Masih lanjut dia, sebagaimana diatur dalam Pasal 71 ayat (2) UU Nomor 10 Tahun 2016 tentang Perubahan Kedua Atas UU Nomor 1 Tahun 2015 tentang Penetapan Perppu Nomor 1 Tahun 2014 tentang Pemilihan Gubernur, Bupati, Walikota Menjadi Undang-Undang.

Khususnya di Pasal 71 ayat (2) menegaskan gubernur/ wakil gubernur, bupati/wakil bupati dan walikota/wakil walikota dilarang melakukan pergantian pejabat 6 bulan sebelum tanggal penetapan pasangan calon sampai dengan akhir masa jabatan kecuali mendapat persetujuan tertulis dari menteri.

“Mutasi pejabat administrator, pejabat pengawas dan pejabat fungsional yang dilakukan Pj Gubernur NTB, telah memantik keributan publik yang seharusnya tidak perlu terjadi, kalau Pj Gubernur tidak terlalu mengedepankan subjektivitas dan ego pribadi dengan memaksakan harus ada mutasi,” ungkapnya.

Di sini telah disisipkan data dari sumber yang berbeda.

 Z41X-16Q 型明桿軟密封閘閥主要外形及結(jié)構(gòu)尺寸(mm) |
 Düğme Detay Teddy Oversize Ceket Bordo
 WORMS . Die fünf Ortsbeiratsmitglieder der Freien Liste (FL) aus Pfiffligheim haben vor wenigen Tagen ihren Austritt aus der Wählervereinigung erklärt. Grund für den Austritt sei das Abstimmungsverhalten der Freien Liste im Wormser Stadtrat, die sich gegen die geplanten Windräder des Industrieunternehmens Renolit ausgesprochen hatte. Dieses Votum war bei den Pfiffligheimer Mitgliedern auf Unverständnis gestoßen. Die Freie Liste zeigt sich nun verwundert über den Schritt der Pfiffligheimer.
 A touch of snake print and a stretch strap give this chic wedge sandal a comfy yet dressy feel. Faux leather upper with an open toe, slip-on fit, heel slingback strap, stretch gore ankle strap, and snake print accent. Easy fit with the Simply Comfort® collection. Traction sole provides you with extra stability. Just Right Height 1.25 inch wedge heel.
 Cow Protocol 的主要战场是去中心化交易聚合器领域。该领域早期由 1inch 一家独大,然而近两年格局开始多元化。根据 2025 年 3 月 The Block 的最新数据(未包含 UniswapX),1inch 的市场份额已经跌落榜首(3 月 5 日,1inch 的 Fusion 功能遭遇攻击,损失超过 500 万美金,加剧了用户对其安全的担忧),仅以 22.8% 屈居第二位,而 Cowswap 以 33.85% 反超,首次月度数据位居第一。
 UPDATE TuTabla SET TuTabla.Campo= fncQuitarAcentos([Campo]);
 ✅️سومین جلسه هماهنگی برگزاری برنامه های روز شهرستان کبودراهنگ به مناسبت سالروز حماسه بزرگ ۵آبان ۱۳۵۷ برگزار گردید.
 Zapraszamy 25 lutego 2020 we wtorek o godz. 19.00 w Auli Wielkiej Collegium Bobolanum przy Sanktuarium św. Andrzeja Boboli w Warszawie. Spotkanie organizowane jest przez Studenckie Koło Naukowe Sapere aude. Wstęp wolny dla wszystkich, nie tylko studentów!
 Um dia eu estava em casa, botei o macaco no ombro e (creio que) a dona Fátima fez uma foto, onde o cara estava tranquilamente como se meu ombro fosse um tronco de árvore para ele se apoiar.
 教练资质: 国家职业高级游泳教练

Lebih jauh Wink Haris menjelaskan, dalam Pasal 71 terdapat beberapa ayat yang wajib dipatuhi oleh Pj. Selain ayat (2) ayat (4) dipertegas bahwa ketentuan sebagaimana dimaksud pada ayat (1) sampai dengan ayat (3) berlaku juga untuk penjabat Gubernur atau penjabat Bupati/Wali Kota.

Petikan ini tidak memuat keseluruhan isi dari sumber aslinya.